# Entries provided
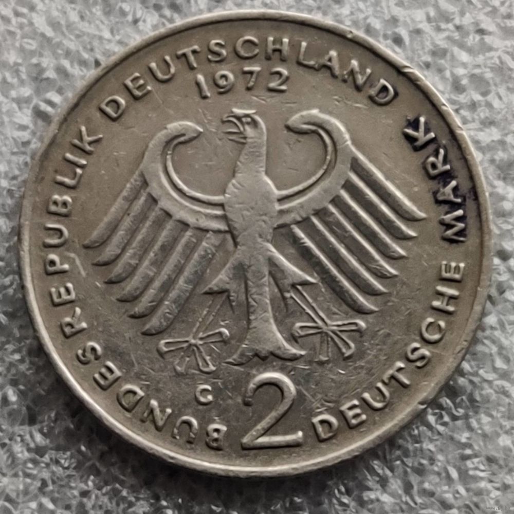 Номер KM # A127 Страна Германия Период Западная Германия (ФРГ) (1948 - 1989) Валюта Немецкая марка Вид чекана Юбилейные монеты Номинал 2 марки Год 1970 - 1987 Наименование Теодор Хойс, 20 лет Федеративной Республике (1949-1969) Гурт Надпись Описание гурта 'EINIGKEIT UND RECHT UND FREIHEIT' (Unity and Justice and Freedom) Форма Круг Отношение авс/рев Медальное (0°) Материал Медно-никелевый сплав Вес (g) 7 Диаметр (mm) 26,75 Толщина (mm) 1,79
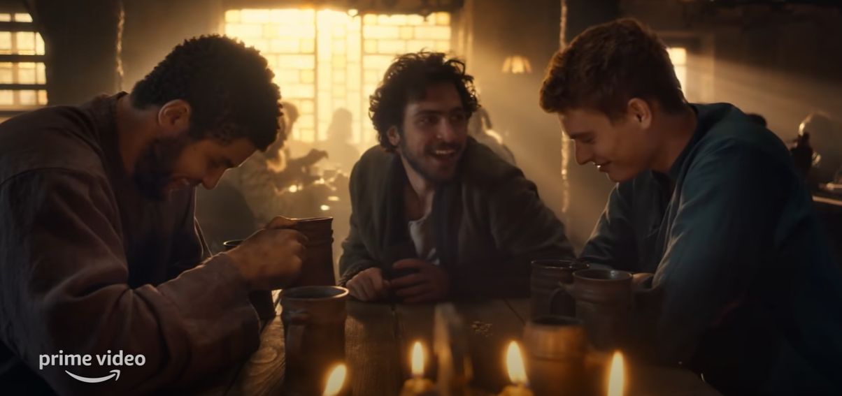 This is a nice shot of our three main male leads all enjoying a happy drink in what I assume is the Winespring Inn, their local tavern. I know some people are not happy with the casting but I really think this is spot on.
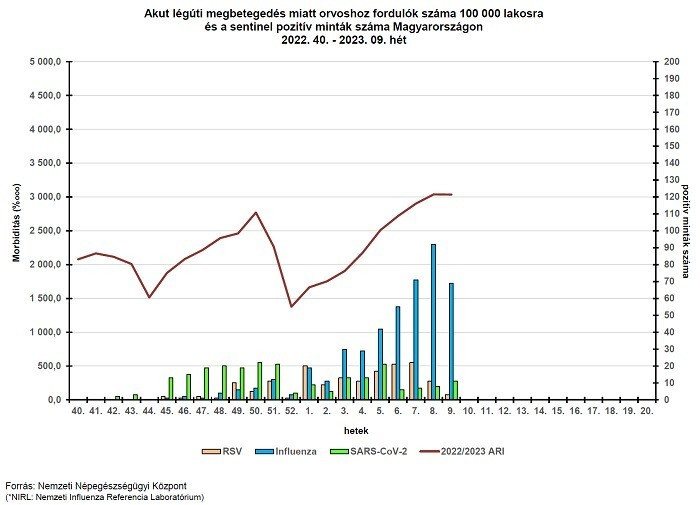 A légúti figyelőszolgálat 24 kórházának adatai alapján a 9. naptári héten kezelésre 329 embert vettek fel súlyos, akut légúti fertőzés (SARI) miatt. A kórházi ápolást igénylő betegek közül 75-nél az influenza, 55-nél a Covid–19 vírusa, 46-nál az RSV állt a megbetegedések hátterében.
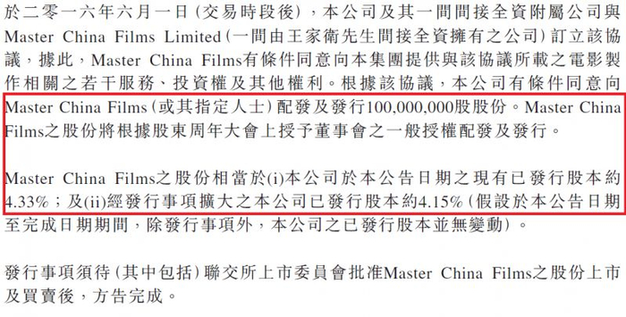 欢喜传媒此前分别向王家卫、陈可辛、顾长卫及张一白配发1亿股、1.445亿股、7500万股及1.4亿股新股,分别占公司扩大后已发行股份的3.92%、5.66%、2.71%及5.06%。
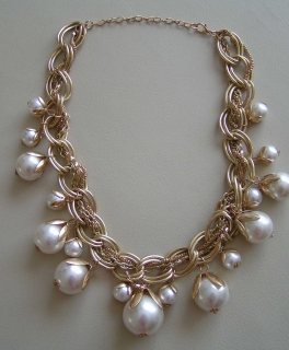 Elegante große Statement Blogger Perlen Kette Perlenkette Collier Gold
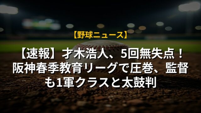 【速報】才木浩人、5回無失点!阪神春季教育リーグで圧巻、監督も1軍クラスと太鼓判
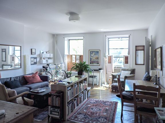Beautiful Brownstone! Wonderful light and space. Hardwood floors, high ceilings. Exposed Brick Charming details. Big windows facing south, overlooking quaint carriage houses and the gardens. Three flights walk up to the 4th floor. Best location for transportation. No pets please. Immediate occupancy
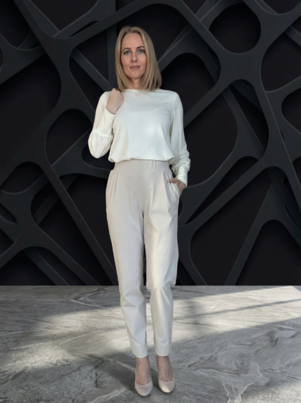 Comfortable stretchy fabric. 2 side pockets. Stretchy fabric makes the trousers comfortable to wear. The trousers ar made of fabric with OEKO-TEX® 100 certification. OEKO-TEX® 100 certification means that fabrics have been tested for harmful substances and are safe for human health. Maintenance: mashine wash. Models hight on 173cm and wears trousers in size 36.
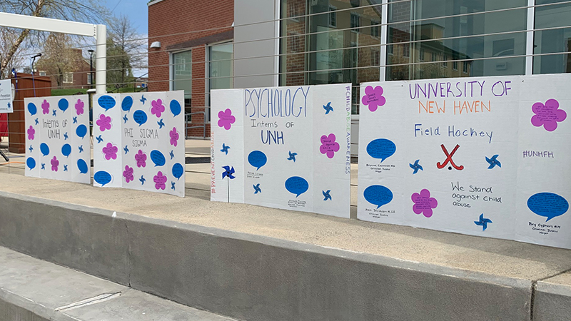 Posters with child abuse prevention and awareness messages from University organizations were featured at the event.
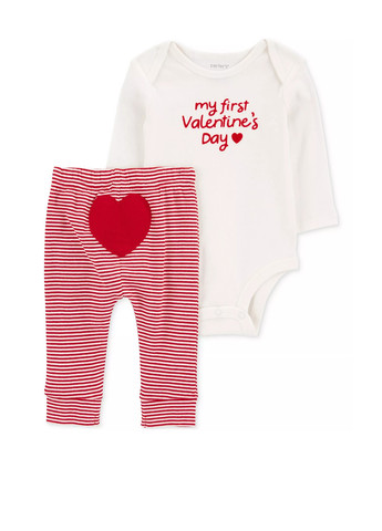 Дитячий комплект Valentine´s Day Carter´s. Цей чарівний комплект складається з боді та штанців. Боді з довгим рукавом та круглим вирізом. На рукавах відвертаються рукавички-антицарапки. Знизу застібка на кнопки для зручності перевдягання. Спереду бархатистий напис My first Valentine's Day. Штанці з еластичною гумкою на поясі. Спереду декоративні гудзики. Принт — горизонтальна смужка і мила аплікація у вигляді серця ззаду. М'який та приємний до тіла натуральний матеріал комплекту. Відмінна якість.

# Task brief
Beginning with the line that holds "Comfortable stretchy fabric.", output each line to the end of the material above, exactly, omitting the pictures.

# Written response
 Comfortable stretchy fabric. 2 side pockets. Stretchy fabric makes the trousers comfortable to wear. The trousers ar made of fabric with OEKO-TEX® 100 certification. OEKO-TEX® 100 certification means that fabrics have been tested for harmful substances and are safe for human health. Maintenance: mashine wash. Models hight on 173cm and wears trousers in size 36.
 Posters with child abuse prevention and awareness messages from University organizations were featured at the event.
 Дитячий комплект Valentine´s Day Carter´s. Цей чарівний комплект складається з боді та штанців. Боді з довгим рукавом та круглим вирізом. На рукавах відвертаються рукавички-антицарапки. Знизу застібка на кнопки для зручності перевдягання. Спереду бархатистий напис My first Valentine's Day. Штанці з еластичною гумкою на поясі. Спереду декоративні гудзики. Принт — горизонтальна смужка і мила аплікація у вигляді серця ззаду. М'який та приємний до тіла натуральний матеріал комплекту. Відмінна якість.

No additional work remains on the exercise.